As pointed out previously, both Good and AirWatch are Delaware corporations. Though AirWatch concedes that its residence is determined by the residence of its members, AirWatch provides affidavits to show that prior to its filing of the superior court complaint, it membership changed to include Delaware and California residents. This, AirWatch alleges in its remand motion, defeats Good’s diversity jurisdiction. Assuming diversity jurisdiction is legitimately defeated, there must be a federal question for jurisdiction. AirWatch vigorously argues that its complaint was a carefully crafted state court claim. Good’s argument that such a claim is nevertheless a barred compulsory counterclaim would only be reached by the federal court if it determined that the res judicata impact of failure to state that claim in the California action was a federal question. The motion to stay faces similar jurisdictional issues.
With regard to the federal question issue, AirWatch points out that where a determination of patent infringement is not put in issue by the plaintiff, there is a “special and small category” where a federal question can still be found. AirWatch, citing Gunn v. Minton, 133 S. Ct. 1059, 1065 (2013), states: “”[F]ederal jurisdiction over a state law claim will lie if a federal issue is (1) necessarily raised, (2) actually disputed, (3) substantial, and (4) capable of resolution in federal court without disrupting the federal-state balance approved by Congress.”
AirWatch argues that intent is not a necessary element of patent infringement and therefore there is no necessity to invoke patent law in relation to its assertion that Good’s allegations of intent as repeated and embellished in its publications are false. Good may argue that willful infringement is, nevertheless, a separate federal question with an established body of federal law to be applied in resolving the issue. If so, is there a different standard for intent for willful infringement than for the truthfulness of the statements made by Good – particularly those not merely repetitive of the complaint? Different standards and burdens of proof (which lies on separate parties in the two actions) could result in different awards that are not, however, inconsistent. AirWatch goes further in its motion for remand and cites both Gunn and MDS as holding the intent issue is not a substantial question of federal law. Gunn at 1068 and MDS at 842.
This procedurally complex case could ultimately depend (after remand) on the state court determining res judicata application of Fed. Rule Civ. Proc. 13(a)(1)(A) dependent on whether the AirWatch cause of action is determined to be a federal compulsory counterclaim.
The case is AirWatch LLC v. Good Technology Corporation, and Good Technology Software, Inc., No. 1:13-cv-002870-WSD, filed 08/28/13 in the U.S. District Court for the Northern District of Georgia, Atlanta Division, assigned to U.S. District Judge William S. Duffey, Jr.

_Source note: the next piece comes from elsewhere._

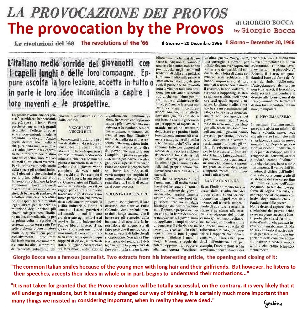 (Closing of the article) "It is not certain that the Provo revolution will be completely successful, on the contrary, it is very likely that it will undergo regressions, but it has already changed our way of thinking, it is certainly more important than many things that we insisted on believing were important when in reality they were already dead."
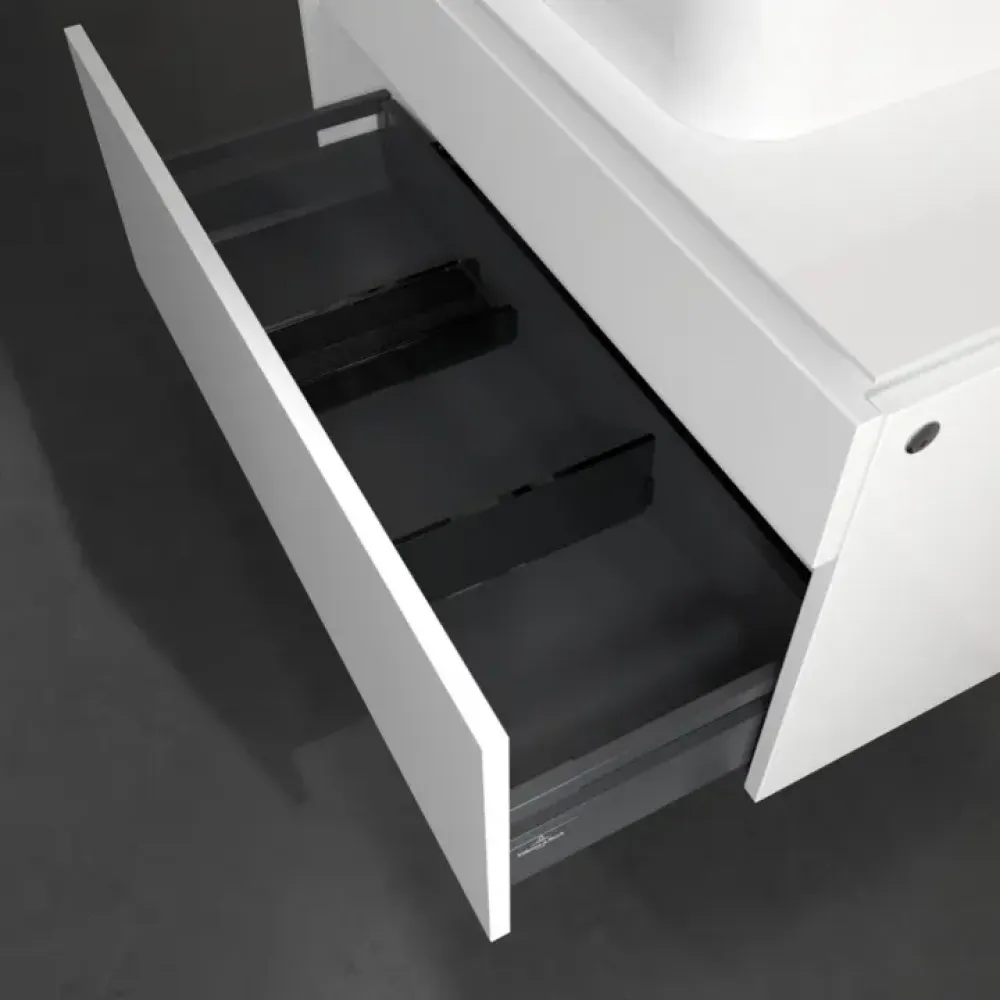 Продуманное внутреннее разделение мебели для ванной Villeroy & Boch позволяет создать индивидуальную систему организации пространства в ванной комнате. Элементы, расположение которых можно менять, например регулируемые стеклянные перегородки и контейнеры для аксессуаров различных размеров, обеспечивают хороший обзор и порядок. Благодаря практичной системе внутреннего разделения вы будете быстро находить принадлежности для ванной, которыми вы постоянно пользуетесь.

The related case is: Good Technology Corporation and Good Technology Software, Inc. v. AirWatch LLC, No. CV12-05827(HRL), filed 11/14/12 in the U.S. District Court for the Northern District of California, San Jose Division, assigned to U.S. District Judge Edward J. Davila.
 Of course, even if the matter were remanded, Good would still be free to assert in the state court the res judicata impact of AirWatch’s failure to raise a compulsory counterclaim in the Patent Infringement Action.